This project aims to detect speech defects in individuals based on various acoustic and speech features. The system records or processes audio files, extracts relevant features, and uses machine learning to classify the severity of speech defects. It can handle both recorded speech and MP3 files as input and provides real-time predictions regarding the severity of speech defects.
- Speech Analysis: Includes extraction of jitter, shimmer, words per minute (WPM), pause duration, pitch variability, formants, syllable duration, and rhythm/tempo.
- Speech Defect Classification: Uses a machine learning model trained on synthetic data to classify speech defects into various categories: No Defect, Low Defect, Mild Defect, Medium Defect, High Defect, and Severe Defect.
- Model Training and Evaluation: Implements multiple machine learning models (Logistic Regression, SVM, Decision Tree, Random Forest) and evaluates them using GridSearchCV to select the best model.
- Real-Time Prediction: Allows the user to input features of their speech for real-time defect classification.
- Audio: You can either record audio directly from the microphone or provide an MP3 file for analysis.

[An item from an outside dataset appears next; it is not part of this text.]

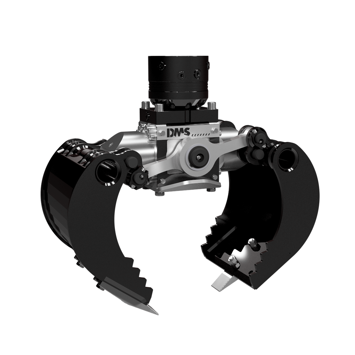 Die Greiferschalen schließen bei großer Öffnungsweite äußerst kompakt, was neben dem Greifen von breiten Objekten auch das Einklemmen von Objekten mit kleinem Durchmesser ermöglicht.

- Speech Features: The system extracts various speech features including jitter, shimmer, WPM, pause duration, pitch variability, formants, syllable duration, and rhythm/tempo.
-
Feature Analysis: The script provides detailed results about the audio file or recording:
- Jitter and shimmer values
- Words per minute (WPM)
- Total pause duration
- Transcribed text
- Repeated words
- Pitch variability
- Formant frequencies
- Average syllable duration
- Mean beat interval (Rhythm/Tempo)
-
Speech Defect Classification: Based on the extracted features, the system classifies the severity of the speech defect into one of the following categories:
- No Defect
- Low Defect
- Mild Defect
- Medium Defect
- High Defect
- Severe Defect
Jitter: 0.2032%
Shimmer: 0.5432%
Words Per Minute: 128.57
Total Pause Duration: 2.30 sec
Speech Rate: 160.28 words/min
Repeated Words: {'hello': 3, 'how': 2}
Transcribed Text: "Hello, how are you today?"
Pitch Variability (Jitter): 0.1623
Formants (F1, F2, F3): [560.0, 1500.0, 2500.0]
Average Syllable Duration: 0.1102 sec
Mean Beat Interval (Rhythm/Tempo): 0.2400 sec
The system uses a classification approach to detect speech defects. It is trained using synthetic data that simulates various levels of defects based on features like jitter, shimmer, WPM, and pause duration. The following models are evaluated:
- Logistic Regression
- Support Vector Machine (SVM)
- Decision Tree Classifier
- Random Forest Classifier
The model that performs best in terms of accuracy is used for making real-time predictions on user-provided data.
Enter Jitter (%): 1.2
Enter Shimmer (%): 1.5
Enter Words per Minute: 110
Enter Pauses Duration (sec): 3.5
Predicted Severity of Defect: Mild Defect
- Integrate more advanced speech defect detection features such as voice quality analysis.
- Improve the classification model with more real-world data.
- Implement a web interface for real-time interaction and analysis.
This project is licensed under the MIT License - see the LICENSE file for details.
Thank you for using this Speech Defect Detection System!